**Task to complete**: Your answer must match, word for word, the lines from the one holding "Apartamento de 78" through the final line below, with pictures excluded.

**Items listed in a dataset**:
+ + + + +

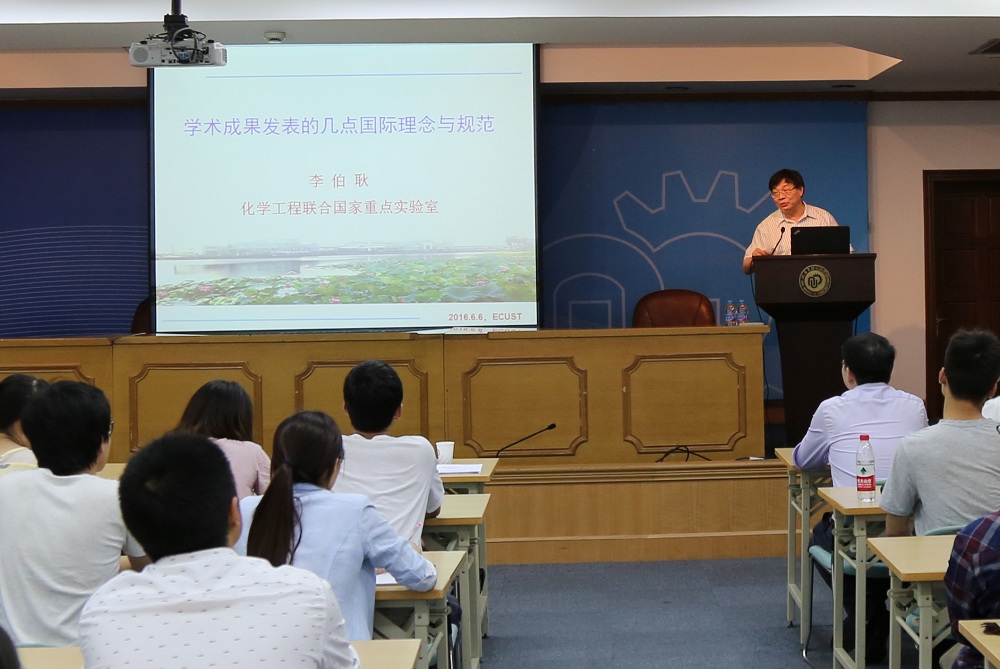 為引導(dǎo)青年教師刊發(fā)高質(zhì)量論文,啟發(fā)研究生論文寫作思想。6月6日下午化工學院特邀浙江大學*、工學部主任李伯耿教授來徐匯校區(qū)逸夫樓演講廳作了題為《學術(shù)成果發(fā)表的幾點國際理念與規(guī)范》的學術(shù)報告。報告會由化工學院院長趙玲老師主持,化工學院黨委書記李濤、黨委副書記高藝霞、化工學院副院長劉殿華、趙雙良等100余名師生共同聆聽了報告。
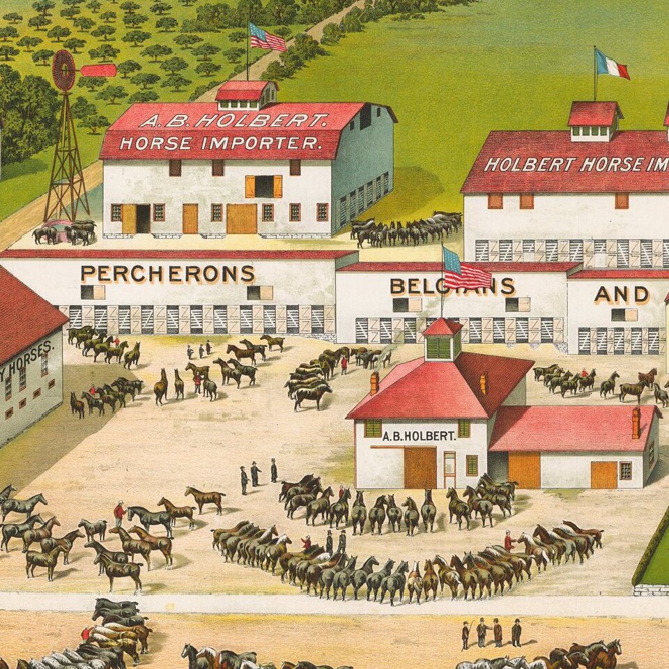 In 1878, Holbert Horse Importing Company was established in the Delaware County town of Greeley and quickly garnered an international reputation for horse selling and breeding. Founder A.B. Holbert had an international reputation and was considered "the most extensive importer, breeder and seller of registered horses in the United States" ( History of Delaware County, Iowa, Chicago: S.J. Clarke Company, 1914).
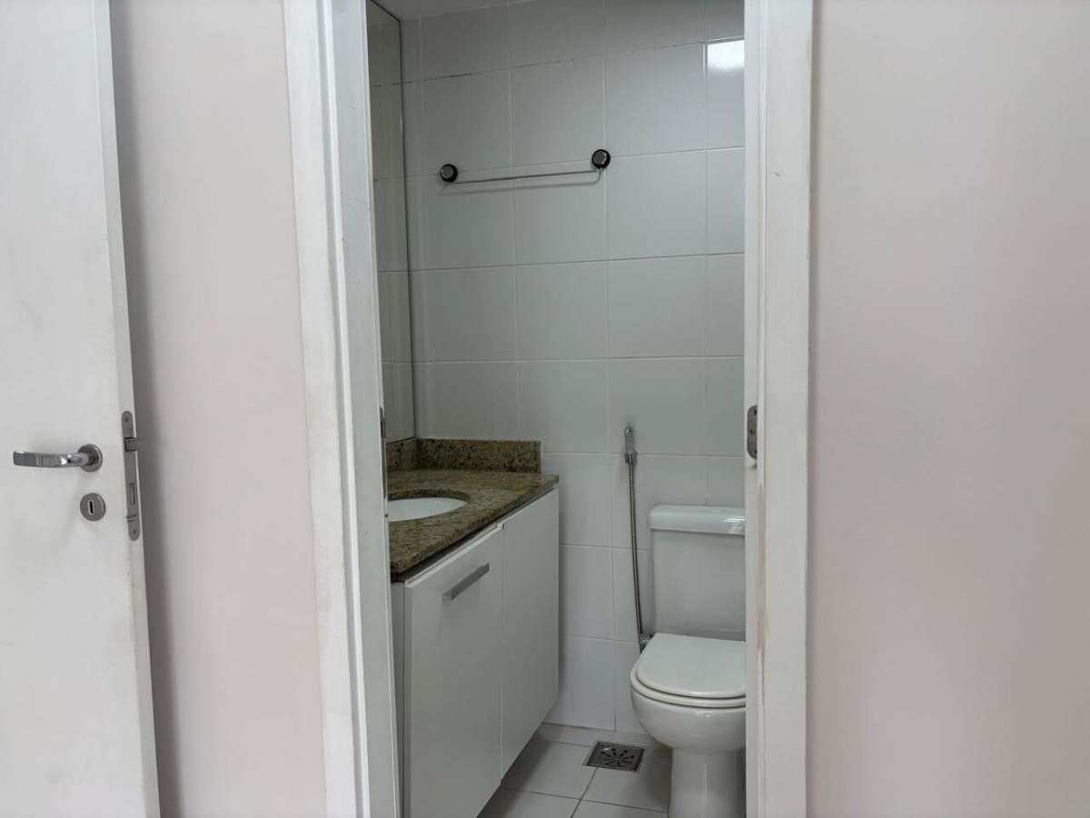 Apartamento de 78 m², 2 quartos, ambos com ar split, sendo 1 suíte com varanda gourmet, sala em 2 ambientes, cozinha planejada, area de de serviço, banheiro social e lavabo, 1 vaga coberta e vagas para visitantes.
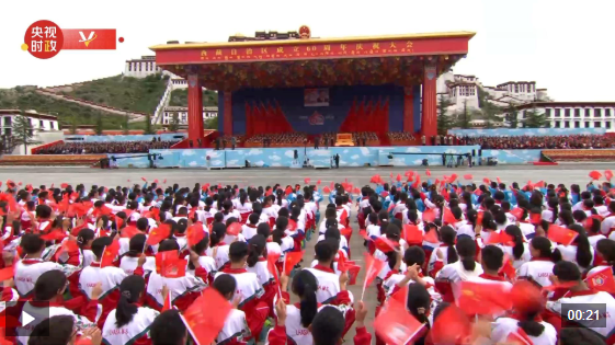 慶祝大會的會場設(shè)置在雄偉的布達(dá)拉宮前,位于群山環(huán)抱之中。大會主席臺采用藏式風(fēng)格。約2萬人歡聚布達(dá)拉宮廣場,紅、黃、白、藍(lán)等體現(xiàn)藏族文化基因的色彩鋪滿眼前,烘托出吉祥喜慶的濃烈氛圍。
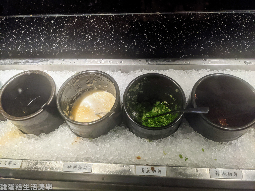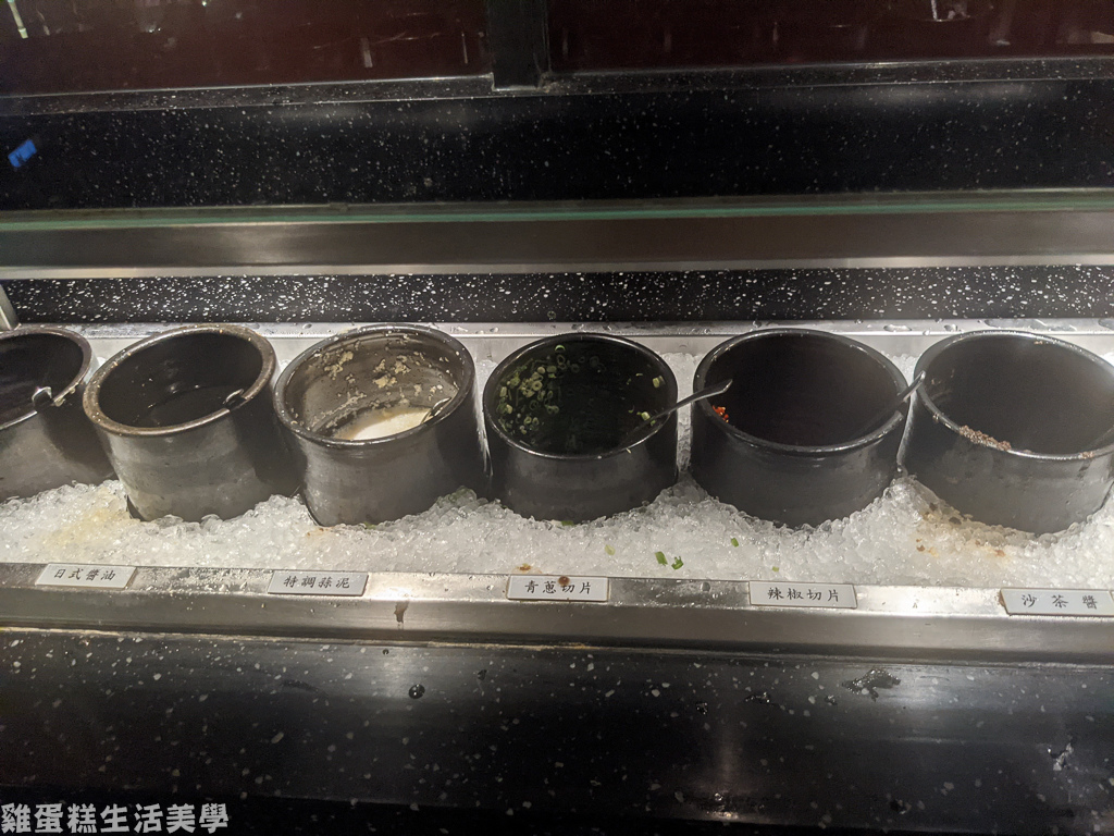 ▲醬料區有沙茶醬、釀造果醋、日式醬油、特調蒜泥、青蔥切片、辣叔切片、白蘿蔔泥。

+ + + + +

**Task response**:
 Apartamento de 78 m², 2 quartos, ambos com ar split, sendo 1 suíte com varanda gourmet, sala em 2 ambientes, cozinha planejada, area de de serviço, banheiro social e lavabo, 1 vaga coberta e vagas para visitantes.
 慶祝大會的會場設(shè)置在雄偉的布達(dá)拉宮前,位于群山環(huán)抱之中。大會主席臺采用藏式風(fēng)格。約2萬人歡聚布達(dá)拉宮廣場,紅、黃、白、藍(lán)等體現(xiàn)藏族文化基因的色彩鋪滿眼前,烘托出吉祥喜慶的濃烈氛圍。
 ▲醬料區有沙茶醬、釀造果醋、日式醬油、特調蒜泥、青蔥切片、辣叔切片、白蘿蔔泥。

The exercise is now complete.